Repeat exactly the lines below, from the line containing "50周年を記念する共同声明に調印" through the last line, both included. Leave out any pictures.

---*---

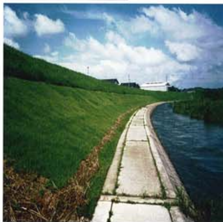
オケ崎護岸工事 鳥取県倉吉市 1997.5～6 550m 2 1:2.0
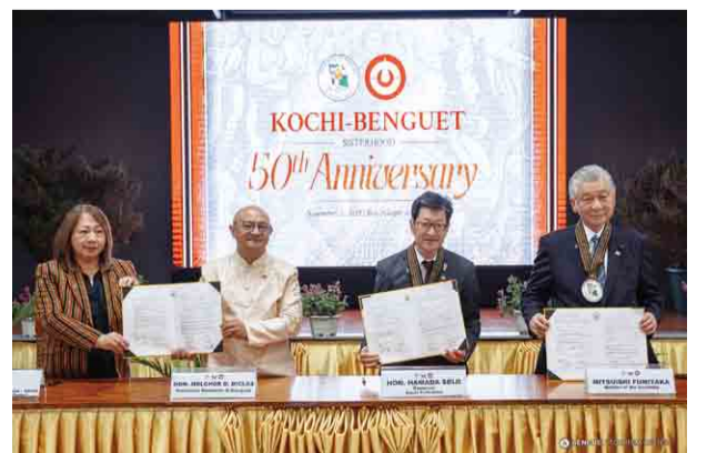
50周年を記念する共同声明に調印

滞在中は、50年前に締結された協定の再宣言や、交流を記念して開設された「さくらパーク」に新たな桜の苗木を植樹するなど、両県州のより豊かな関係構築に向け絆を深めました。
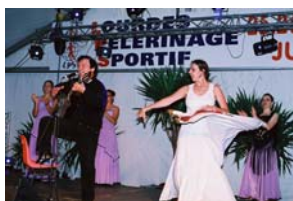
Soirée Curro Savoy lors du pèlerinage 2004

Qu'il fallait revoir les prix du séjour en élargissant la gamme des hébergements . Des bénévoles vont rencontrer l'institution Ste Marie pour voir la possibilité d'hébergement pour les nuitées du vendredi et du samedi : ils nous tiendront au courant du résultat de leur démarche.

---*---

## YOUR RESPONSE
50周年を記念する共同声明に調印

滞在中は、50年前に締結された協定の再宣言や、交流を記念して開設された「さくらパーク」に新たな桜の苗木を植樹するなど、両県州のより豊かな関係構築に向け絆を深めました。
Soirée Curro Savoy lors du pèlerinage 2004

Qu'il fallait revoir les prix du séjour en élargissant la gamme des hébergements . Des bénévoles vont rencontrer l'institution Ste Marie pour voir la possibilité d'hébergement pour les nuitées du vendredi et du samedi : ils nous tiendront au courant du résultat de leur démarche.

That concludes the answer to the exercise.